What is needed - Reproduce, word for word, all of the records; the pictures stay out.

+++ Material for the task

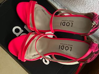 Sandalias Lodi Tacon Serpiente Rosa Neón
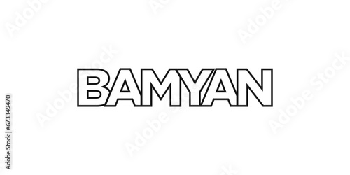 Bamyan in the Afghanistan emblem. The design features a geometric style, vector illustration with bold typography in a modern font. The graphic slogan lettering.
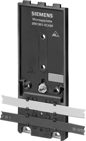 Монтажная плата содержит профилированный паз для укладки кабеля AS-Interface и может крепиться на плоские поверхности винтами или устанавливаться на профильную шину DIN.
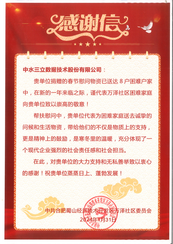 本次愛心捐贈活動受到了萬澤社區(qū)黨委的高度好評,特向公司出具感謝信。未來,中水三立將繼續(xù)堅守初心,積極踐行社會責任,持續(xù)關(guān)注并實踐慈善及公益活動,用實際行動詮釋企業(yè)使命與擔當。
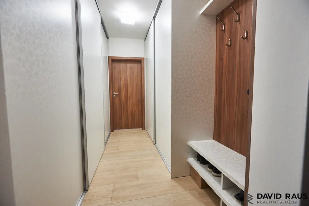 Zařízení celého bytu je v moderním designu, dřevěný dekor podlahy v obytných místnostech se skvěle doplňuje s nábytkem, celý prostor tak působí vzdušně a útulně. Bílá kuchyňská linka dokonale ladí s celým interiérem
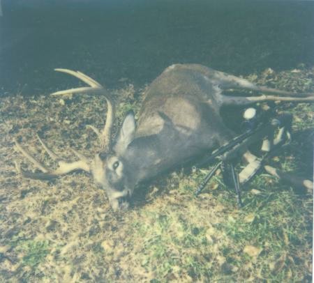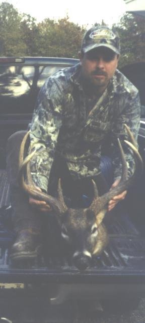 This buck killed by Bruce Jennings in Madison parish bordering the Tensas wildlife refuge November 2002. he scored in at 139 3/8 weighing in at 220 lbs at check station. 6" bases 18 1/2 wide. Tensas had its lottery hunt going on and some hunters spooked him over me out of a swamp. He had 2 does with him but he was way ahead of these does looking for cover!
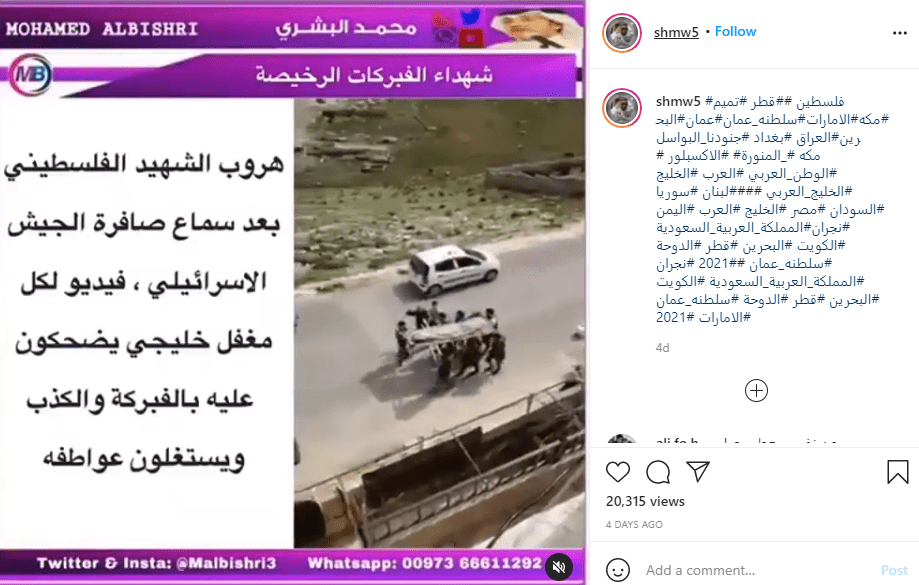 نشر حساب shmw5 على موقع التواصل الاجتماعي انستغرام مقطع فيديو وأرفقها بالنص الوصفي الآتي داخل المقطع (من دون تصرّف):
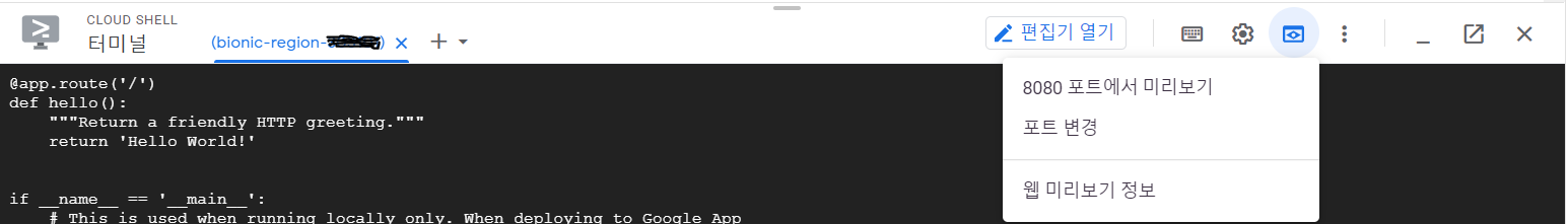 App Engine > 대시보드 > 만들기 > 언어:Python > Cloud Shell 선택 > Shell에 코드 작성 > 웹 미리보기 ( 8080포트에서 미리보기 ) > 'Hello World!' 가 출력됨
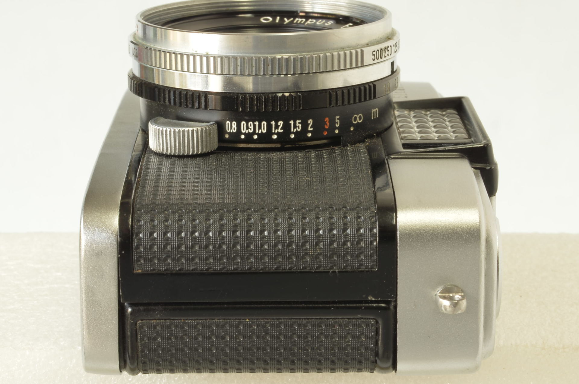 Fotocamera formato half-frame prodotta a partire dal 1962 da Olympus, dotata di un obiettivo F.Zuiko 32 mm f/1.9, il cui schema ottico è composto da 6 elementi in 4 gruppi.  Il formato “half frame” significa che su una pellicola 35 mm standard si ottengono immagini da 18 × 24 mm anziché i canonici 24 × 36 mm. Ciò significa che si ottengono 72 esposizioni su un rullo da 36 pose.  Grazie alla struttura compatta, è una fotocamera più piccola rispetto alle 35mm dell’epoca. Bellissima, cellula esaurita ma perfettamente utilizzabile poiché tempi e diaframmi sono manuali.
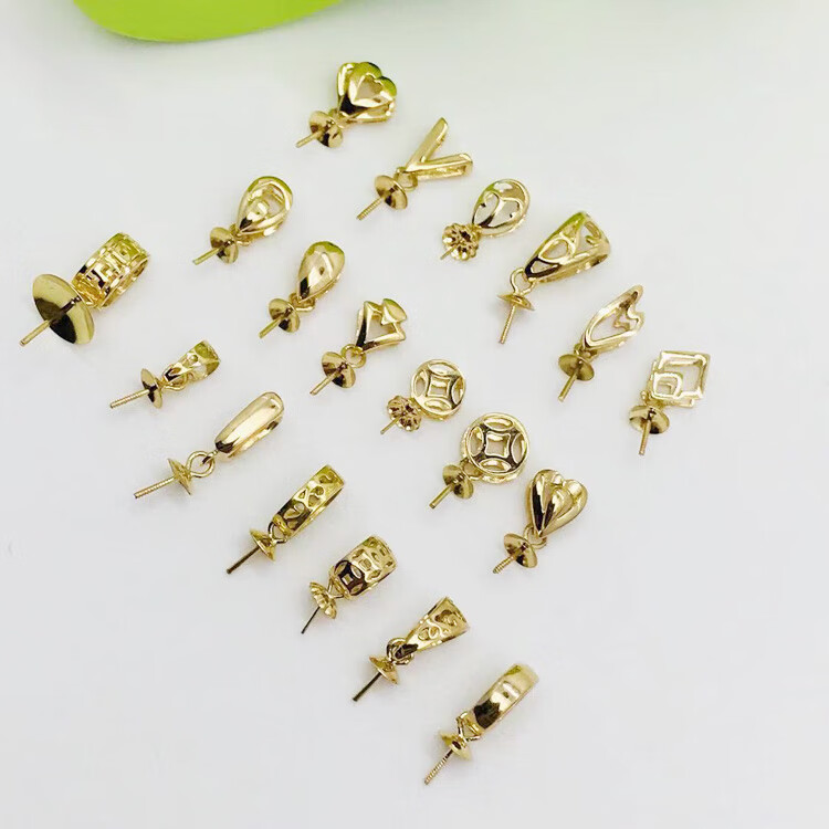 Oin 18K gold pearl pendant empty holder various plain gold inlaid pendants single jade jasper beeswax bead pendant holder gold size 13 large plate letter style
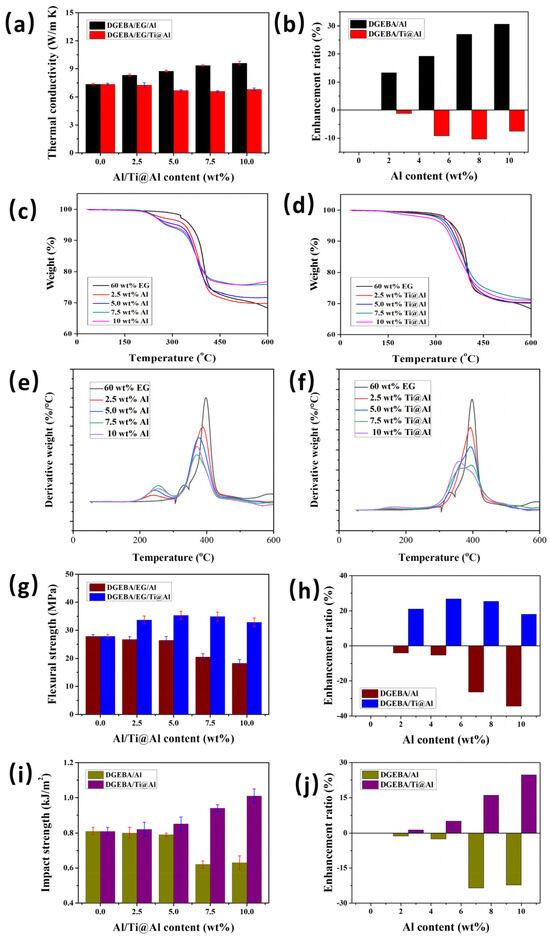(a,b) (a) Thermal conductivity and (b) thermal conductivity enhancement ratio of DGEBA/EG/Al and DGEBA/EG/Ti@Al composites as a function of Al/Ti@Al content. (c,d) TGA thermograms of (c) DGEBA/EG/Al and (d) DGEBA/EG/Ti@Al composites as a function of Al/Ti@Al content. (e,f) DTA thermograms of (e) DGEBA/EG/Al and (f) DGEBA/EG/Ti@Al composites as a function of Al/Ti@Al content. (g,h) (g) Flexural strength and (h) flexural strength enhancement ratio of DGEBA/EG/Al and DGEBA/EG/Ti@Al composites as a function of Al/Ti@Al content. (i,j) (i) Impact strength and (j) impact strength enhancement ratio of DGEBA/EG/Al and DGEBA/EG/Ti@Al composites as a function of Al/Ti@Al content.
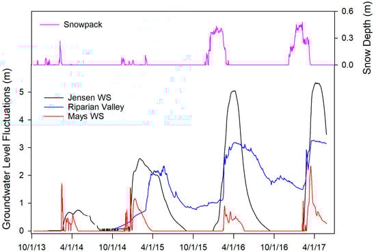 Figure 9 shows four years of snowpack depth in Jensen WS and shallow aquifer fluctuations in both watersheds and in the Riparian Valley. It can be observed that snowpack accumulation was considerably higher in 2016 and 2017 than in years 2014 and 2015. Also, groundwater level rises were considerably higher in the Jensen WS and Riparian Valley well locations in 2016 and 2017 when compared to previous years. Peak groundwater-level rises over 5 m were observed in Jensen WS during the snowmelt runoff season in years 2016 and 2017. Early in the aquifer recharge season, a relatively rapid groundwater level rise and decline pattern was observed in Mays WS during most years evaluated. The location of the Mays WS wells in mostly fractured rock substrate may have contributed to the quick transport of groundwater out of the site that resulted in less pronounced groundwater mounds observed during the aquifer recharge season. A faster response and a higher groundwater level peak were observed in the Riparian Valley well in 2016 and 2017 when compared to the response in the previous, drier, year 2015. Soil moisture content in the Riparian Valley remained at or near saturation levels since sensor installation in the spring of 2016 and that was reflected in the groundwater level fluctuations observed during the last two years at this site.

++++++

Output below -
 Sandalias Lodi Tacon Serpiente Rosa Neón
 Bamyan in the Afghanistan emblem. The design features a geometric style, vector illustration with bold typography in a modern font. The graphic slogan lettering.
 Монтажная плата содержит профилированный паз для укладки кабеля AS-Interface и может крепиться на плоские поверхности винтами или устанавливаться на профильную шину DIN.
 本次愛心捐贈活動受到了萬澤社區(qū)黨委的高度好評,特向公司出具感謝信。未來,中水三立將繼續(xù)堅守初心,積極踐行社會責任,持續(xù)關(guān)注并實踐慈善及公益活動,用實際行動詮釋企業(yè)使命與擔當。
 Zařízení celého bytu je v moderním designu, dřevěný dekor podlahy v obytných místnostech se skvěle doplňuje s nábytkem, celý prostor tak působí vzdušně a útulně. Bílá kuchyňská linka dokonale ladí s celým interiérem
 This buck killed by Bruce Jennings in Madison parish bordering the Tensas wildlife refuge November 2002. he scored in at 139 3/8 weighing in at 220 lbs at check station. 6" bases 18 1/2 wide. Tensas had its lottery hunt going on and some hunters spooked him over me out of a swamp. He had 2 does with him but he was way ahead of these does looking for cover!
 نشر حساب shmw5 على موقع التواصل الاجتماعي انستغرام مقطع فيديو وأرفقها بالنص الوصفي الآتي داخل المقطع (من دون تصرّف):
 App Engine > 대시보드 > 만들기 > 언어:Python > Cloud Shell 선택 > Shell에 코드 작성 > 웹 미리보기 ( 8080포트에서 미리보기 ) > 'Hello World!' 가 출력됨
 Fotocamera formato half-frame prodotta a partire dal 1962 da Olympus, dotata di un obiettivo F.Zuiko 32 mm f/1.9, il cui schema ottico è composto da 6 elementi in 4 gruppi.  Il formato “half frame” significa che su una pellicola 35 mm standard si ottengono immagini da 18 × 24 mm anziché i canonici 24 × 36 mm. Ciò significa che si ottengono 72 esposizioni su un rullo da 36 pose.  Grazie alla struttura compatta, è una fotocamera più piccola rispetto alle 35mm dell’epoca. Bellissima, cellula esaurita ma perfettamente utilizzabile poiché tempi e diaframmi sono manuali.
 Oin 18K gold pearl pendant empty holder various plain gold inlaid pendants single jade jasper beeswax bead pendant holder gold size 13 large plate letter style
(a,b) (a) Thermal conductivity and (b) thermal conductivity enhancement ratio of DGEBA/EG/Al and DGEBA/EG/Ti@Al composites as a function of Al/Ti@Al content. (c,d) TGA thermograms of (c) DGEBA/EG/Al and (d) DGEBA/EG/Ti@Al composites as a function of Al/Ti@Al content. (e,f) DTA thermograms of (e) DGEBA/EG/Al and (f) DGEBA/EG/Ti@Al composites as a function of Al/Ti@Al content. (g,h) (g) Flexural strength and (h) flexural strength enhancement ratio of DGEBA/EG/Al and DGEBA/EG/Ti@Al composites as a function of Al/Ti@Al content. (i,j) (i) Impact strength and (j) impact strength enhancement ratio of DGEBA/EG/Al and DGEBA/EG/Ti@Al composites as a function of Al/Ti@Al content.
 Figure 9 shows four years of snowpack depth in Jensen WS and shallow aquifer fluctuations in both watersheds and in the Riparian Valley. It can be observed that snowpack accumulation was considerably higher in 2016 and 2017 than in years 2014 and 2015. Also, groundwater level rises were considerably higher in the Jensen WS and Riparian Valley well locations in 2016 and 2017 when compared to previous years. Peak groundwater-level rises over 5 m were observed in Jensen WS during the snowmelt runoff season in years 2016 and 2017. Early in the aquifer recharge season, a relatively rapid groundwater level rise and decline pattern was observed in Mays WS during most years evaluated. The location of the Mays WS wells in mostly fractured rock substrate may have contributed to the quick transport of groundwater out of the site that resulted in less pronounced groundwater mounds observed during the aquifer recharge season. A faster response and a higher groundwater level peak were observed in the Riparian Valley well in 2016 and 2017 when compared to the response in the previous, drier, year 2015. Soil moisture content in the Riparian Valley remained at or near saturation levels since sensor installation in the spring of 2016 and that was reflected in the groundwater level fluctuations observed during the last two years at this site.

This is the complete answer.